Protein database search results were compiled for the triplicate MS runs, pooled layers, subjects, and lesional/nonlesional sites via spectral counting using an in-house developed Java application (Sun Microsystems). To quantify relative protein amounts, spectral counts were calculated as the sum of the spectra matched to peptides corresponding to a protein in the database. Spectral counts were then normalized to the total number of spectra per MS run. Proteins were considered for statistical analysis only if they were present in two out of three technical replicates and if there were at least six non-zero values across treatment groups. Spectral counts for each selected protein were averaged across technical replicates and across pooled layers yielding one mean spectral count per tape stripping site (lesional/nonlesional sites for AD subjects and nonlesional sites for non-atopic subjects). All keratins were excluded from statistical analysis due to high homology, which rendered it impossible to distinguish isoforms with confidence.

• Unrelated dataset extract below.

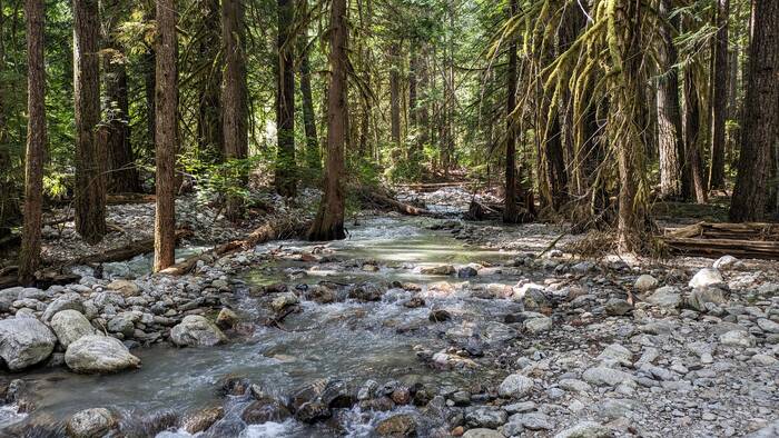 At the confluence of Newhalem Creek with the Skagit River

Descriptive statistics are presented to characterize all subjects included in the analysis. Categorical data are presented as enumerations and percentages. Continuous data are presented as arithmetic mean ± standard deviation or as median (25th percentile, 75th percentile) if the distribution of the data is skewed.

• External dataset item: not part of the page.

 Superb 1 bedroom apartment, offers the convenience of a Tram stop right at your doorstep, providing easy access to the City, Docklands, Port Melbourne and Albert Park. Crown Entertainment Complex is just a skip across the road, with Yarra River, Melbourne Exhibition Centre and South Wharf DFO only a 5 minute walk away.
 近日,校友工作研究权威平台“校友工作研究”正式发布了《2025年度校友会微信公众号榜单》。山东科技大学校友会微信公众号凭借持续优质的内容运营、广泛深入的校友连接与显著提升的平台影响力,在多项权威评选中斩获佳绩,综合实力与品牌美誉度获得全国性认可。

To compare protein levels between diagnostic groups, normalized mean spectral counts were modeled using a linear mixed model with random intercepts to account for the correlation of multiple samples (lesional/nonlesional) for a single subject. The predictors of interest were diagnostic group, S. aureus colonization status (as measured by the Kirby Bauer assay) and sample type, but age and gender were included in the model to account for the study design. Comparisons between diagnostic groups within sample type (EH− lesional vs EH+ lesional, EH− nonlesional vs EH+ nonlesional, EH− nonlesional vs non-atopic nonlesional, EH+ nonlesional vs non-atopic nonlesional) and between sample types within diagnostic group (EH− lesional vs EH− nonlesional, EH+ lesional vs EH+ nonlesional) were made based on model-based estimates of normalized mean spectral count differences and corresponding P-values. For AD subjects only, similar analyses were also performed on MRSA lesional vs MSSA lesional, MRSA nonlesional vs MSSA nonlesional, MRSA lesional vs no S. aureus lesional, MRSA nonlesional vs no S. aureus nonlesional, MSSA lesional vs no S. aureus lesional, and MSSA nonlesional vs no S. aureus nonlesional. To account for multiple comparisons, the Benjamini-Hochberg method was used to control false discovery rate (FDR). To control FDR at a level of 0.05 for the EH analysis, comparisons with a P-value less than 0.0040 were considered significant. Likewise for the S. aureus analysis, comparisons with a P-value less than 0.0005 were considered significant. However, for exploratory purposes, any comparison with a P-value less than 0.05 was considered to be of interest.
To examine the impact of other covariates on the EH comparisons of interest, the model was expanded to control for severity (EASI Score and Rajka-Langeland Score) and total IgE. A sensitivity analysis for the potential effect of race was conducted, in which the EH comparisons were repeated excluding all black subjects.
Table I presents descriptive statistics characterizing the study sample by diagnostic group. Samples were analyzed from 18 EH− patients (five MRSA, seven MSSA, six no S. aureus), 17 EH+ patients (three MRSA, eight MSSA, six no S. aureus), and six non-atopic controls (one MSSA, five no S. aureus). Table E I lists the body locations of skin tapings by diagnostic group (see Online Repository).
One hundred fifty-three proteins were identified in two out of three technical replicates in layers 1–5, 6–10, 11–15, or 16–20 for at least one biological sample (see Online Repository Table E II). Proteins identified included blood proteins, keratins, skin barrier proteins, and immune-related proteins, among others.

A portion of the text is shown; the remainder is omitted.